She and I don't always agree on everything, but we remain respectful. She always laughs when I turn down the complimentary toothpaste in favor of my own homemade tooth cleaner.
Most commercial toothpaste contains chemicals that I don't really want going into my body. Not to mention, they cost money. I use the "old time" mixture of baking soda and salt. It costs a small fraction of what one tube of toothpaste would cost, one box (mixed with a little salt) lasts almost a year and the best part is that it does a wonderful job!
I have always hated the part at the end of my cleaning appointment where they use that nasty, fruity tasting gel to polish my teeth. Instead of leaving with a cleaner feeling mouth, I left half sick to my stomach because of the taste.
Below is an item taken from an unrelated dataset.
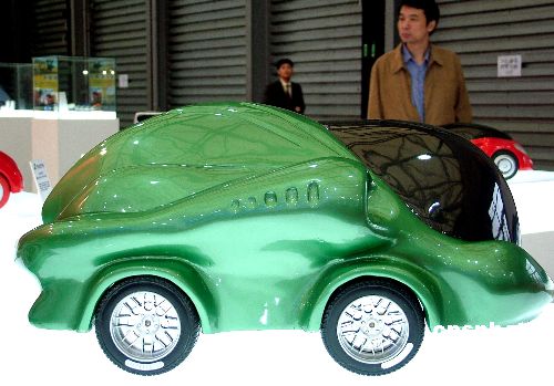 11月11日,正在上海新国际博览中心举办的2005上海国际工业博览会,上海工业协会自主设计的绿色外壳汽车模型在展会中展出,造型新颖,外形可爱,引起参观者的注意。作者:井韦

My hygienist and I were talking about how strange I am that I prefer the Cavitron over the usual scaling (and torturous scraping) with the instruments. She said that since I am so "strange" about that (that word keeps coming up in reference to my personality...wonder if I should look into that?) that I may prefer the "baking soda sandblasting" polishing over the traditional polishing (with the before mentioned cherry gel goop).
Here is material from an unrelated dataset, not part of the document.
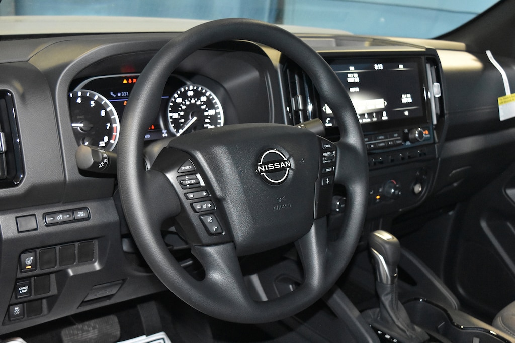 Boulder Gray Pearl 2026 Nissan Frontier SV 4WD 9-Speed Automatic with Overdrive 3.8L DI DOHC 24V V6 4WD, 17 Alloy Wheels, 3.692 Axle Ratio, 4-Wheel Disc Brakes, 6 Speakers, ABS brakes, Air Conditioning, Alloy wheels, AM/FM radio: SiriusXM, Anti-whiplash front head restraints, Auto High-beam Headlights, Black Tailgate Logo Insert, Blind Spot Warning, Brake assist, Bumpers: body-color, Carpeted Floor Mats, Dark Armor Package, Dark FRONTIER Tailgate Lettering, Dark Grill Surround/Mesh/Inner Fascia, Dark Mirror Caps, Delay-off headlights, Driver door bin, Driver vanity mirror, Dual front impact airbags, Dual front side impact airbags, Electronic Stability Control, Emergency communication system, Front anti-roll bar, Front Bucket Seats, Front Center Armrest, Front reading lights, Front wheel independent suspension, Fully automatic headlights, Illuminated entry, Knee airbag, Low tire pressure warning, Occupant sensing airbag, Overhead airbag, Overhead console, Panic alarm, Passenger door bin, Passenger vanity mirror, Power door mirrors, Power driver seat, Power steering, Power windows, Premium Cloth Seat Trim, Premium Paint, Radio data system, Radio: SXM/AM/FM/AUX/USB Audio System, Rear anti-roll bar, Rear seat center armrest, Rear side impact airbag, Rear step bumper, Remote keyless entry, Security system, Speed control, Speed-sensing steering, Splash Guards, Split folding rear seat, Steering wheel mounted audio controls, Tachometer, Telescoping steering wheel, Tilt steering wheel, Tow Package, Tow/Haul Mode Switch, Traction control, Trip computer, USB Charging Cable Kit, Variably intermittent wipers, Voltmeter, Wheels: 17 Dark, Wireless Apple CarPlay/Wireless Android Auto, 4WD.
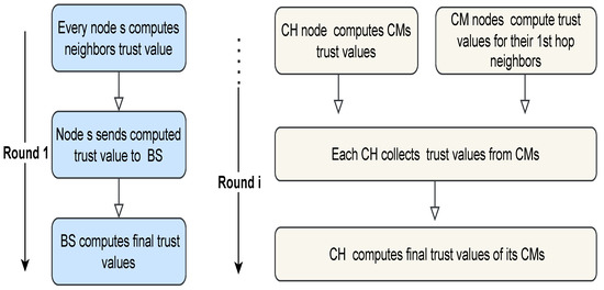 This section explains how the trust value of each SN in the network is determined. It is based on the work in [36]. The different steps executed in the trust model during the first round and the subsequent rounds are shown in Figure 2. As evident from Figure 2, the setup process for trust value calculations starts in the first round (Round 1). In this process, each node monitors its neighbor nodes’ behavior and calculates its neighbors’ trust values based on specific metrics that are determined and adjusted according to the required application. Then, each node sends the calculated trust values to the BS. Following that, the BS divides the nodes into clusters. For the process in the subsequent rounds (Round i), the nodes have been divided into CHs and CMs. Each CM computes the trust value about its neighbors in the same cluster and sends the computed value to its CH. Additionally, the CH computes the trust value of each CM. Then, each CH collects the trust values from its CMs and computes the final trust value of its CMs.

So it turns out that there is a (in my opinion) better way! I was all excited that this "new" natural way was out there (I have no idea, nor do I really think I want to know, what is in the gel goop). Imagine my surprise when I was informed that this technique had actually been around for years and years...it predates the gel goop.
One of the chemicals that I have a problem with, and this one has pretty much inundated all of our beauty products these days, is Sodium Lauryl Sulfate (SLS). Like with everything else out there, there are two camps...the ones who think the SLS scare is a bunch of hype and then there are the conspiracy theorists, like me.
The way I look at it, if I can do without it - then why not do without it? Why take the chance. Not ingesting it has no danger of hurting me. Ingesting it possibly does. I'll err on the side of caution. The truth probably lies somewhere in the middle of the two extremes. It probably isn't as dangerous as the scare tactics would lead us to believe but it probably isn't as safe as the Food and Drug Administration would lead us to believe either.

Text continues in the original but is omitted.